Segment 2: In the mid-1950s, the U.S. Navy developed the first of a series of ship borne nuclear power plants that evolved into compact and powerful designs for high-performance submarines and surface ships. Today, the US, Russia, China, France, the United Kingdom and India all operate nuclear powered warships and Russia has developed nuclear icebreakers and floating power plants as well. 60 years ago, nuclear power was widely expected to replace fossil fuels in cargo ship design as well, and in 1959 a prototype, the NS Savannah was launched under a contract from the US Maritime Administration. The ship served until 1972, but operating costs were high compared to conventional bunker fuels in an age of two dollar per barrel crude oil.
Today, with the combination of much higher oil prices and a new imperative to reduce fossil fuel use, interest in nuclear propulsion for commercial ships has returned, and the United Kingdom Maritime and Coast Guard Agency has started the process of creating regulations for civilian nuclear-powered ships to be UK flagged and for international nuclear vessels to visit UK ports.

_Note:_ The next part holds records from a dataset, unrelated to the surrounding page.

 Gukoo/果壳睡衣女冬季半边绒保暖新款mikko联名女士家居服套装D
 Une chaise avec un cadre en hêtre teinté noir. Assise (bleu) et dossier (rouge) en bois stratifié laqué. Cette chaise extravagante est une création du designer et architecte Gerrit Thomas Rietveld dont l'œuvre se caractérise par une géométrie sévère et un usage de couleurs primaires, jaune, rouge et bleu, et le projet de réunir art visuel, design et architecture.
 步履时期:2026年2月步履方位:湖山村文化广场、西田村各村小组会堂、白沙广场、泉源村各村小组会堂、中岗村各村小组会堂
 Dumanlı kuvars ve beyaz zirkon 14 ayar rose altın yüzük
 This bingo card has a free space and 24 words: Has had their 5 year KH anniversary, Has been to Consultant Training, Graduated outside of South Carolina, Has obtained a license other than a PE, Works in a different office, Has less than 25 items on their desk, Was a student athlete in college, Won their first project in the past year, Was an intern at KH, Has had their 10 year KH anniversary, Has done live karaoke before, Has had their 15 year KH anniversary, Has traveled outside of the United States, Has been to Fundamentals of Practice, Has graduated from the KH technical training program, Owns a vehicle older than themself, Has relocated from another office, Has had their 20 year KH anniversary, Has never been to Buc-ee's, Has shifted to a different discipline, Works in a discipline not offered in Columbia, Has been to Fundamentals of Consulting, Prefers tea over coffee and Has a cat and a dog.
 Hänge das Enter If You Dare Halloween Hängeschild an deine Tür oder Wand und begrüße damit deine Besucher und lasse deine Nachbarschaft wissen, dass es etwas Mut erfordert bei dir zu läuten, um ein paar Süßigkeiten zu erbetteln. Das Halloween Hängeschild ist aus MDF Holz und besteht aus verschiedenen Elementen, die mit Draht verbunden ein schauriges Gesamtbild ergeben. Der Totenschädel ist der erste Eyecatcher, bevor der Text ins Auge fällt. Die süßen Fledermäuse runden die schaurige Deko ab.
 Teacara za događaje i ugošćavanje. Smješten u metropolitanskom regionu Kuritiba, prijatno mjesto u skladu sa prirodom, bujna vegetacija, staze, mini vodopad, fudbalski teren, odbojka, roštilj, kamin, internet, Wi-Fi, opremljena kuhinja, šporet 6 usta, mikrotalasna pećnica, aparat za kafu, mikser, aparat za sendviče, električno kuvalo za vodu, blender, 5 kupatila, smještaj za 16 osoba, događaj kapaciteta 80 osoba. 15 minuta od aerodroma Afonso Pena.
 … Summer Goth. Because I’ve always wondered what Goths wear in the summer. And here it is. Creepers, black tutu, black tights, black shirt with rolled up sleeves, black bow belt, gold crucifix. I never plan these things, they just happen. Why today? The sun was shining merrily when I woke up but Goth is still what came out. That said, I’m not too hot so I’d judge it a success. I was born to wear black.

Surprisingly, a regulatory framework already exists, the International Maritime Organisation’s (IMO) Code of Safety for Nuclear Merchant Ships – also known as the Nuclear Code, although no civilian nuclear powered cargo vessels have been built since the Savannah. While the economics of nuclear look increasingly attractive given the combination of much larger vessel tonnage, a much higher demand for global trade, high oil prices and of course pressure to reduce fossil fuel usage to address climate change, the global shipping community has been understandably reluctant to make the major investment required without certainty that major nations will berth atomic ships.

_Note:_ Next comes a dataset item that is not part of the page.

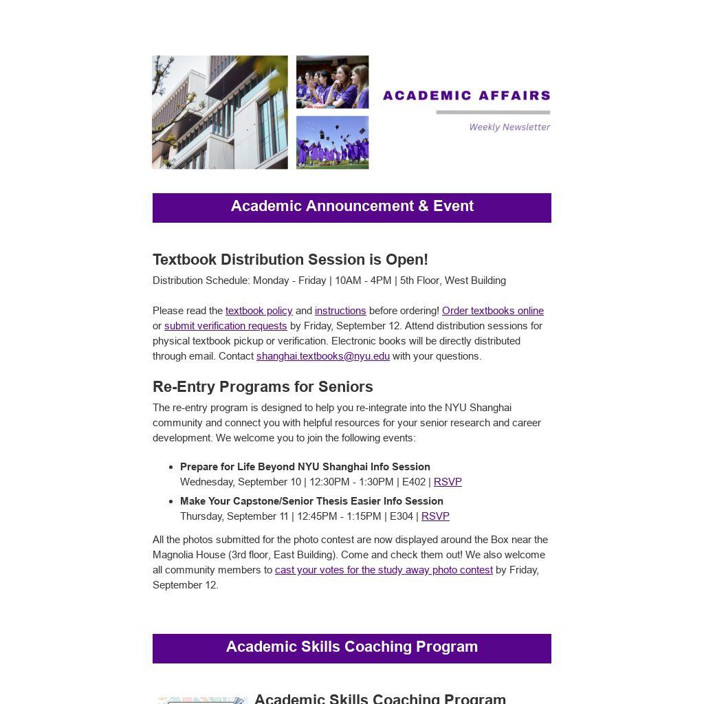 The re-entry program is designed to help you re-integrate into the NYU Shanghai community and connect you with helpful resources for your senior research and career development. We welcome you to join the following events: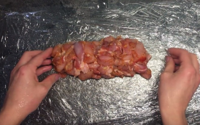 Берем пленку и стелем ее на стол в 4 слоя, выкладываем 1/2 часть подготовленной курицы.

The UK move sets a modern precedent and will create a set of standards that will allow shipyards to build nuclear powered vessels and establish a benchmark for similar legislation around the world. With current technology, battery electric drive is impractical for oceangoing vessels, so nuclear propulsion appears to be the fastest and most practical way to decarbonize global shipping. And there may be a test vessel on the way.
In March, Singapore-based Earth 300 Ventures, a project aimed at environmental research and technology development, announced that the group will build an advanced floating research laboratory containing 22 research labs and housing 160 scientists. The vessel will be 1000 feet long and is expected to eventually be driven by advanced nuclear propulsion, possibly a molten salt reactor. The ship is expected to be launched in 2025, with nuclear propulsion following some 5 to 10 years later. By the time it’s ready, the regulatory infrastructure should be too.